WHAT IS EXPECTED:
No picture should appear in the copy. Transcribe exactly, and only, the lines from the one with "BULLET x KAZOO" through the last line of the data below.
*** SUPPLIED INFORMATION ***
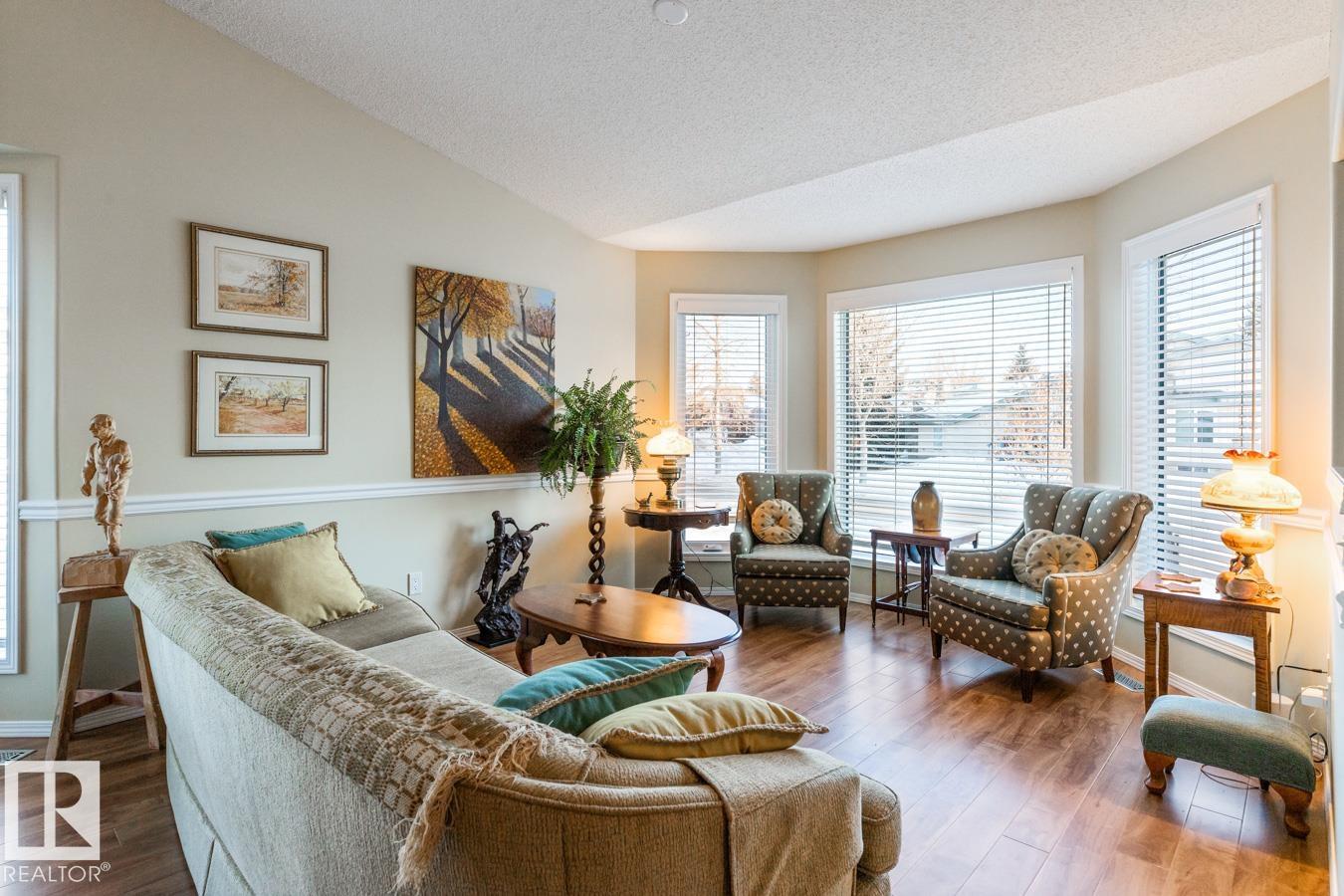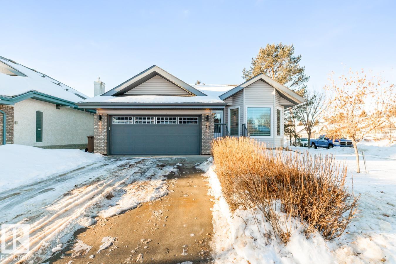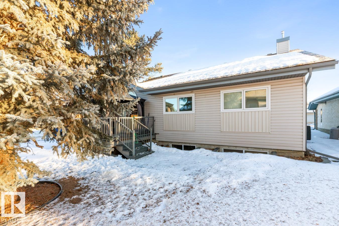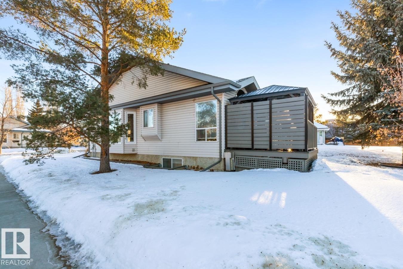 AMAZING FIND IN AKINSDALE - RENOVATED Bungalow! Kitchen features new Alberta-made Cabinetry (white), Quartz Counters, new flooring & plenty of storage. Main Floor incls two Bedrooms, VAULTED CEILINGS & is CARPET-FREE. Bathrooms on this level have new vanities & faucets. MAIN FLOOR LAUNDRY! Fully Finished Basement w/ GAS FIREPLACE, 3rd Bedroom & a large storage room or workshop. HEATED, DOUBLE ATTACHED GARAGE is equipped w/ 220v wiring (electric vehicle). Bonus: AIR CONDITIONING, Water Softener, New Lighting, recently Painted, New Blinds & more! Outdoors there is a spacious, composite Deck w/ Gazebo & gas hookup. Corner Lot lends itself to a bright & sunny space w/ extra windows. Walking distance to Trails, Parks, Groceries, Restaurants, Shops & Pharmacies. Pickleball Court nearby in the community! Quick access to Henday & Downtown Edmonton is an easy 20 minute commute. Quiet neighbourhood. Low monthly HOA fee covers snow removal & lawn care. NOT A CONDO! 18+ age restrictions. Pet Friendly!
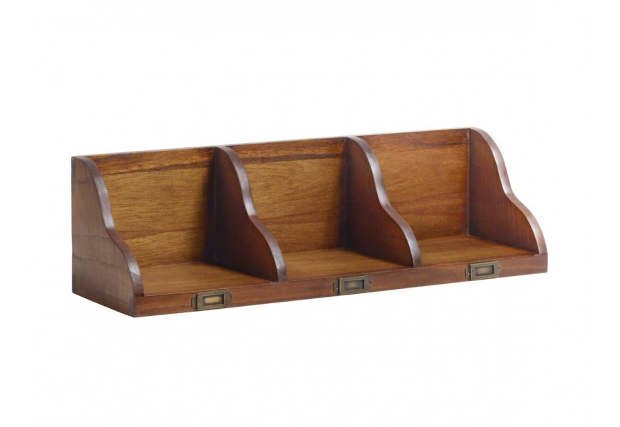 Masívna závesná polička Star hnedej farby s tromi priehradkami 70cm
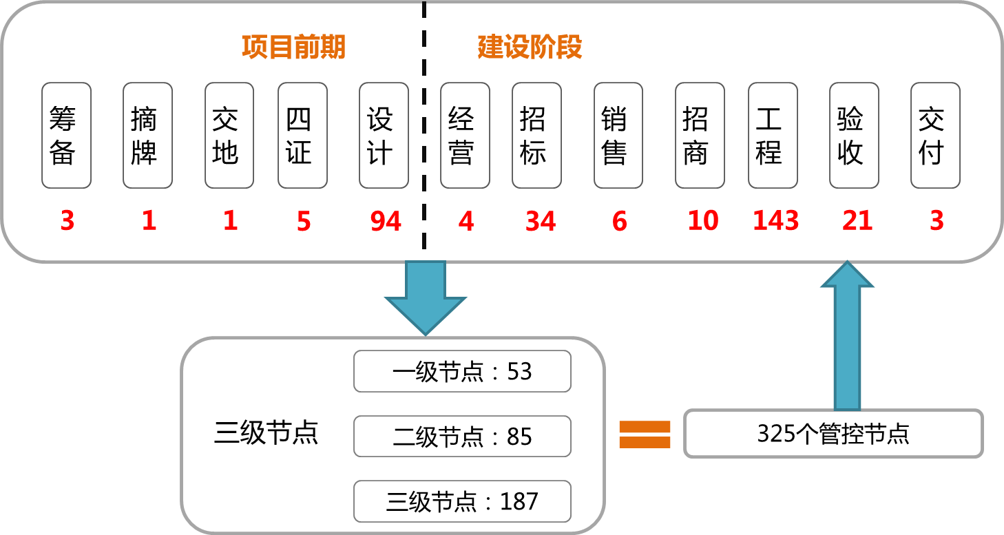 计划分级管理是房地产行业的通行做法,万达也不例外。以 22 个月的项目开发计划标准计划模板为例,涵盖了 325 个节点,包括 54 个一及节点,73 个二级节点,164 个三级节点。各节点分为筹备、摘牌、交地、四证、设计、经营、招标、销售、招商、工程、验收、交付 12 个模块中。
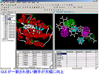 具体的には、既知の活性化合物の情報からファーマコフォアモデル(ある薬理活性を示すために必須の構造的特徴をモデルとして表現したもの)を作成し、標的たん白質の活性部位の構造との相互作用を調べる“構造ベースファーマコフォア解析”(SBP)までを一貫して行うことが可能。 Catalystの機能を単純に移行させるのではなく、最新の理論や手法を取り入れて機能強化が図られている。
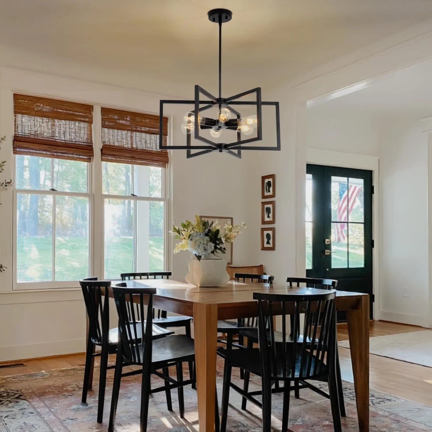 Transform your dining room into a warm, inviting focal point. The Black 23-Inch 6-Light Farmhouse Chandelier blends modern industrial edge with rustic charm, giving you a striking centerpiece that adapts to your space and mood.
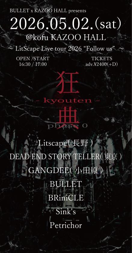 BULLET x KAZOO HALL presents狂典 phase.0OPEN 16:30 / START 17:00 adv ¥2400(D別) / day ¥2900(D別) [出演] [チケット取扱い] |
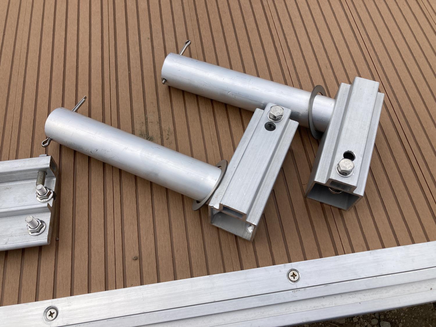 2 Adjustable legs with foot pads, 2 steel connectors, deep water adaptor kit, dock wheel adaptor kit, leg pocket adaptor kit (2 pocket adaptors, 4 support brackets, 10 bolts/nuts per kit), dock accessory bracket x 2 per kit
***
EXPECTED ANSWER:
 BULLET x KAZOO HALL presents狂典 phase.0OPEN 16:30 / START 17:00 adv ¥2400(D別) / day ¥2900(D別) [出演] [チケット取扱い] |
 2 Adjustable legs with foot pads, 2 steel connectors, deep water adaptor kit, dock wheel adaptor kit, leg pocket adaptor kit (2 pocket adaptors, 4 support brackets, 10 bolts/nuts per kit), dock accessory bracket x 2 per kit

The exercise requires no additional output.